## TASK PROMPT
In the data below, find the line containing "Birthday cake number" and the line containing "每通过一关都能发现惊喜红包,完成挑战就能", then reproduce them and every line between, exactly. Omit pictures.

BEGIN EXTRACTED INFORMATION

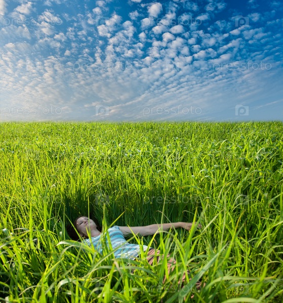 Женщина в зеленой траве
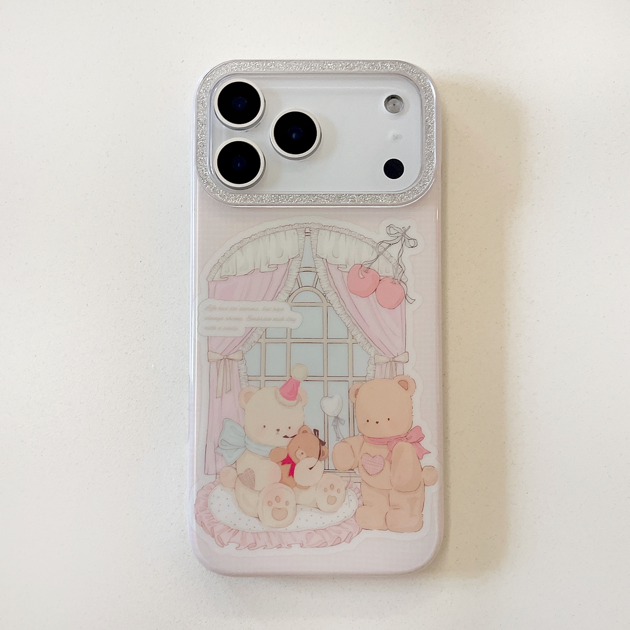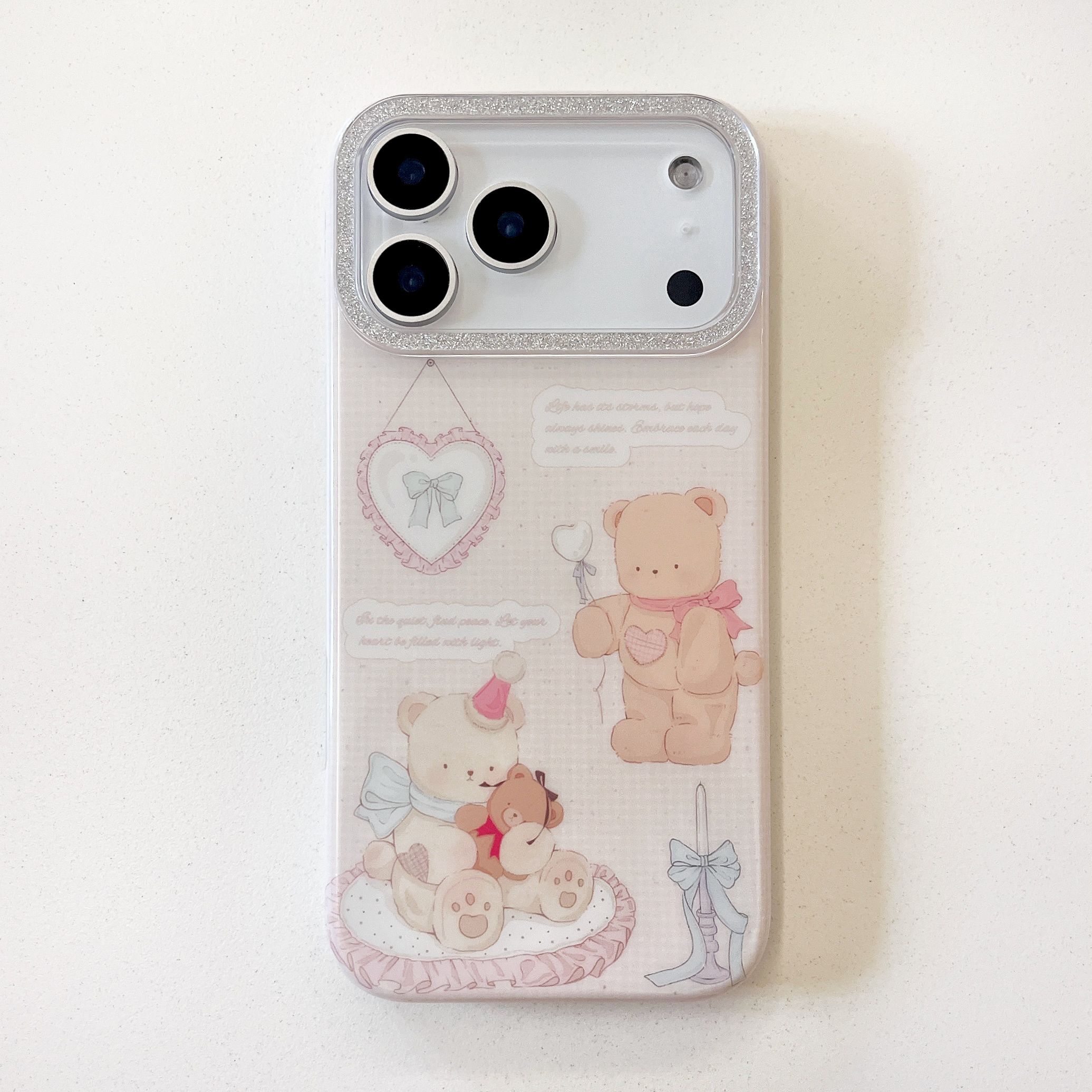 淳于亦ins风可爱长腿粉色蝴蝶结小熊苹果17promax手机壳15pro防摔保护套14/1硅胶软壳16少女心粉色闪粉镜头壳
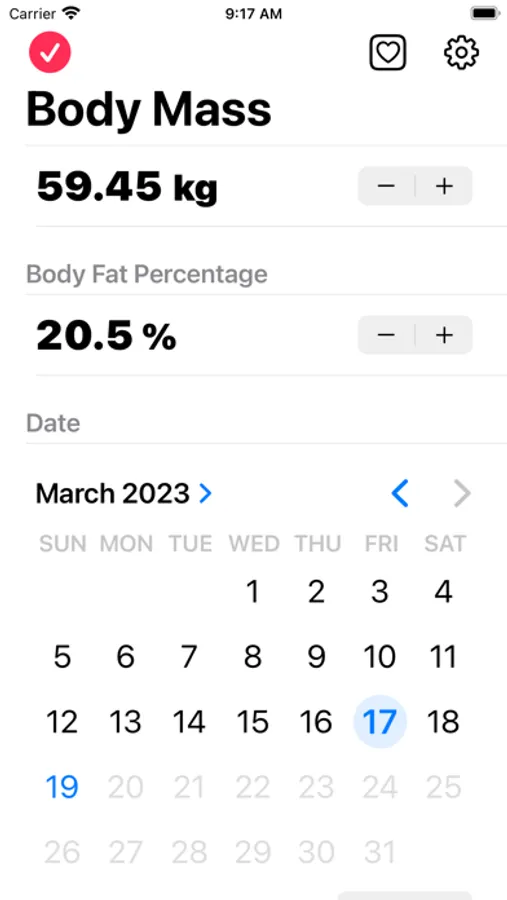 People frequently measure their weight and body fat percentage daily using a scale. Many iPhone users register their weight and body fat percentage data on "Health" app. The best solution is to use a smart scale that works with "Health" app and automatically stores measurements, but they are expensive and inaccessible. Manual data registration is possible in "Health" app, but "Health" app is not designed for daily manual data registration. Therefore, manually entering data that occur continuously daily, such as weight measurements, is a very time-consuming and stressful experience. This app was developed to solve such problems.
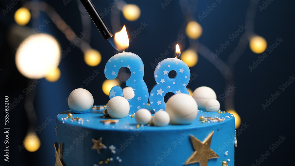 Birthday cake number 38 stars sky and moon concept, blue candle is fire by lighter. Copy space on right side of screen. Close-up
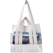 多機能トートバッグ「Multi Tote Bag」は、“普通のトートバッグふたつ分+中央にはさんで+テープのあいだに差し込んで”と、収納量や用途に合わせてさまざまな持ち運び方ができる。さらに中央をハサミでカットすれば、ふたつのトートバッグに切り離すことも可能となっている。
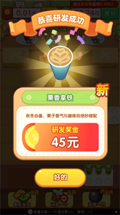 每通过一关都能发现惊喜红包,完成挑战就能收入囊中;随着关卡升级,还会解锁更多口味的奶茶配方,让合成过程始终充满新鲜感与乐趣!
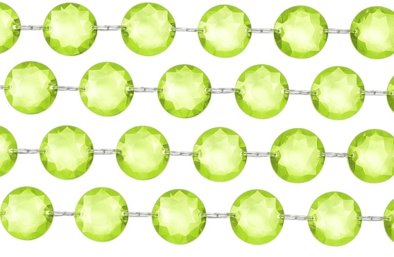 "Girlanda kryształowa w kolorze jasnozielonym, długość 1 metr. Średnica kryształowego kółka 18 milimetrów. Pakowanie: 1 sztuka. "

END EXTRACTED INFORMATION

## TASK OUTPUT
 Birthday cake number 38 stars sky and moon concept, blue candle is fire by lighter. Copy space on right side of screen. Close-up
 多機能トートバッグ「Multi Tote Bag」は、“普通のトートバッグふたつ分+中央にはさんで+テープのあいだに差し込んで”と、収納量や用途に合わせてさまざまな持ち運び方ができる。さらに中央をハサミでカットすれば、ふたつのトートバッグに切り離すことも可能となっている。
 每通过一关都能发现惊喜红包,完成挑战就能收入囊中;随着关卡升级,还会解锁更多口味的奶茶配方,让合成过程始终充满新鲜感与乐趣!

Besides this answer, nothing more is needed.